Google and Pearl Gemma 4 exact endpoint pages explicitly describe configurable thinking, so both retain reasoning = true. Their omission from Together’s serverless reasoning table conflicts with those exact pages, and no current first-party wire parameter or accepted values were found; reasoning_options is intentionally omitted.
Deprecated MiniMax M2.5 retains reasoning = true because its exact endpoint page classifies it as reasoning. No positive Together evidence establishes fixed/toggle/effort/budget semantics, so options remain unresolved rather than fabricated.
Qwen3 235B A22B Instruct 2507 remains reasoning = false: Together recommends it for reasoning workloads and markets reasoning aptitude, but does not document reasoning-token output or a fixed/toggle/effort/budget mode.
All reasoning = false models omit reasoning_options.

Metadata corrections

DeepSeek V4 Pro: $1.74 input / $3.48 output / $0.20 cached input, effective June 9.
Google Gemma 4: $0.39 input / $0.97 output, effective May 21; structured outputs enabled.
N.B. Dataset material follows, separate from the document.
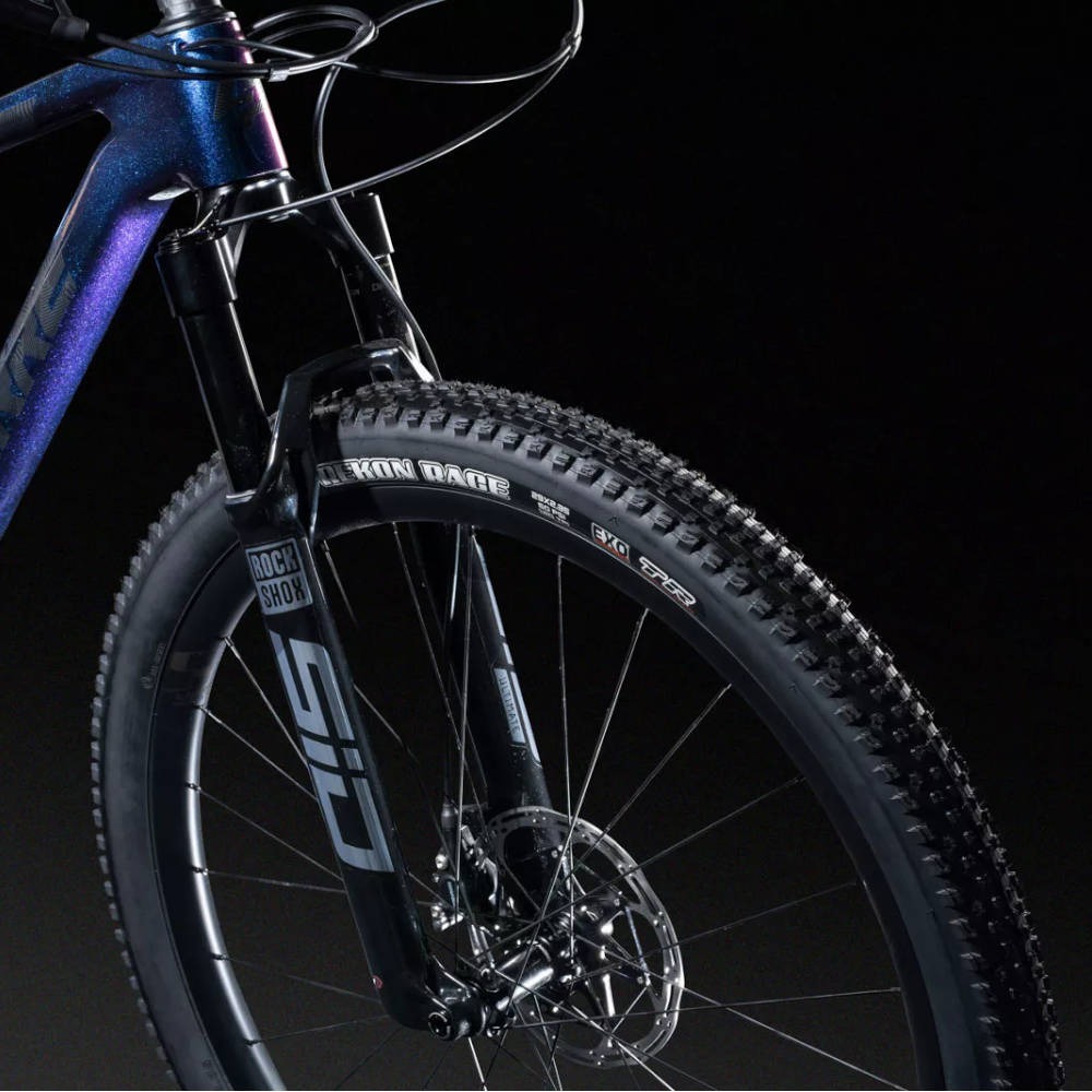 Rower MTB Lapierre XR 9.9 należy do wariantów z pełnym zawieszeniem, czyli tzw. full suspension. Francuskie przedsiębiorstwo wyposażyło go w amortyzatory od branżowego lidera w tej dziedzinie – amerykańskiej firmy Rock Shox. Z przodu znajdziesz widelec SID SL Ultimate 3P Race Day, a z tyłu damper SID Luxe Ultimate 3P Race Day. Kombinacja zapewnia skok zawieszenia wynoszący aż 100 mm, więc doskonale poradzi sobie z typowymi trasami XC. W tłumieniu wibracji przy jeździe po wybojach znacznie pomoże także sama konstrukcja ramy, gdyż zrobiona jest ona z włókna węglowego – jego dodatkowym atutem jest również niska waga. Geometria roweru MTB XC Lapierre XR 9.9 należy uznać za sportową, zachęca do przyjęcia pochylonej pozycji i umożliwia wydajną jazdę w formacie Olympic MTB.
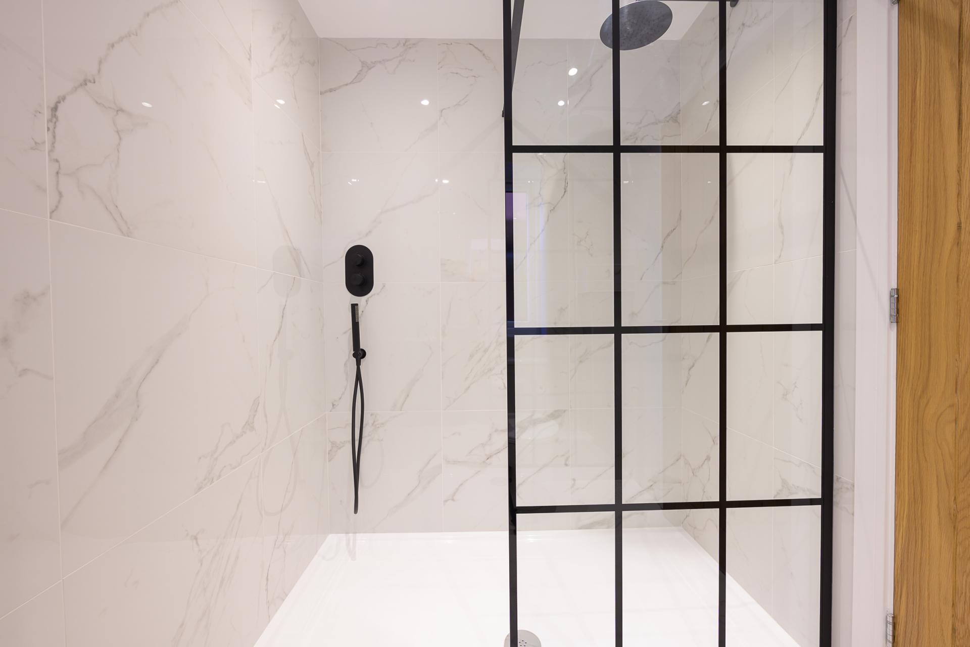The master suite overlooks the rear garden and contains a dressing room, complete with plenty of built-in shelving and hanging space. There is also a fully-tiled en-suite shower room, consisting of a walk-in shower with both drench and handheld showers, plus a corner basin and a WC. Of the other three bedrooms, all are large enough to accommodate double beds and one of these also offers a built-in wardrobe. The fully-tiled family bathroom includes a bath with shower overhead, a countertop vanity unit and a WC.

The current catalog table still shows the pre-May-21 price, while the dated changelog and exact page show the effective values used here.

Matrix

29 files: 22 active, 7 deprecated.
Active: 14 reasoning, 8 non-reasoning. Controls: 1 fixed, 8 toggle, 2 effort, 1 toggle+effort, 2 unresolved.
Deprecated: 4 reasoning, 3 non-reasoning. Controls: 1 fixed, 2 toggle, 1 unresolved.
Explicit unresolved allowlist: google/gemma-4-31B-it, pearl-ai/gemma-4-31b-it, MiniMaxAI/MiniMax-M2.5.

Verification

bun validate
bun test packages/core/test/sync-runner.test.ts (9 passed)
full 29-file matrix check with explicit unresolved allowlist
generated Together output assertions for corrected reasoning, status, structured output, and prices
git diff --check
no Together API credential was available, so no live inference tests were run

Unresolved gaps

Gemma 4: exact pages establish configurable thinking, but current reasoning docs omit the endpoints and no exact Together wire control is documented.
MiniMax M2.5: historical reasoning capability is established, but exact control semantics are not.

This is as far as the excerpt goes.